Service to God is what “worship” is in Judaism. Our service to God is rooted in our Exodus experience: We were slaves (avadim) to Pharaoh, and were redeemed, or restored to God, that we might be servants (avadim) of the Divine. Jewish “worship” is one of our forms of servitude to the Divine. And while this service certainly contains some praise and some worship, its fundamental building block is entirely other: Most of our sacred service is composed of rabbinic blessings or scriptural citations. Worship and praise are about expressing honor to God; that is part, but hardly all of what passes for worship in Jewish setting. Study, history, and theology are much more a part of a Jewish service than are praise and worship.

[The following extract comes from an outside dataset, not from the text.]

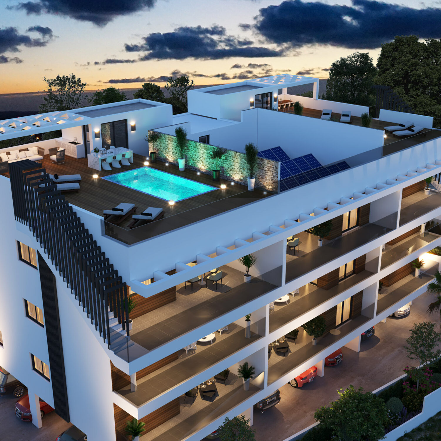Apt No | BDR | Interior sqm | Covered verandas sqm | Roof Garden sqm | Storage sqm | Bathrooms | Parking | Total sqm |

Religion. Bible. Scripture. Worship. The phrases fit Judaism like a hand-me-down outfit from a sibling who’s a different size. I could go on at greater length, explaining how “faith” isn’t a Jewish concept, how “charity” didn’t exist in Judaism until we encountered Christians, and how—despite what many of us were taught at temple—angels are a huge part of Hebrew heritage. Actually, this last example is the perfect summary of contemporary Jewish existence. Christian culture (and the English language that expresses it) has some powerful portrayals of angels: Archangel Rafael comes to heal, cute little cherubs surround Jesus in Heaven, and fallen angel Satan is evil incarnate. Now, even though Torah and Talmud are filled with angels, melachim, or “divine messengers” in Hebrew, our angels infrequently function in such fashions. Furthermore, while angelology is central to Christianity, it lives on the fringe and mystical territories of Jewish life. Rather than labor at length to explain these vast differences between what we take “angels” to indicate in English and what melachim means in Hebrew, generations of Jewish teachers—despite knowing better—have thrown their hands in the air and simply said, “Judaism doesn’t believe in angels.” It is sometimes easier for English-speaking Jews to deny the truths of our tradition than to bother with the limits of translation.

This is the trap of translation: Jews tend to deny essential, or important, aspects of who we really are because of the difficulty of expressing ourselves within and against Christian language. It can be exhausting to be an English-speaking Jew. This hardly means Jewish life can only honestly be lived in Hebrew. A vibrant Jewish life is entirely possible in English, even only in English. But, in order to create such a life of meaning, we must be honest about where Judaism fits in English, and where it doesn’t. Even in English, we must explain and understand crucial differences between linguistic expectations regarding what are called “religions,” but which we Jews understand as traditions that encompass particular practices, hierarchies of value, understandings of the Divine, folkways and foodstuffs, and, of course, our own language. It will only be when we remove ourselves from this trap of translation that we will be free to understand, to live, and to grow Jewish life in our modern world.

Rabbi Seth M. Limmer, DHL, is a widely published intellectual in the Jewish world, a national leader in the Reform movement, and a vocal advocate for justice in his hometown of Chicago and across America.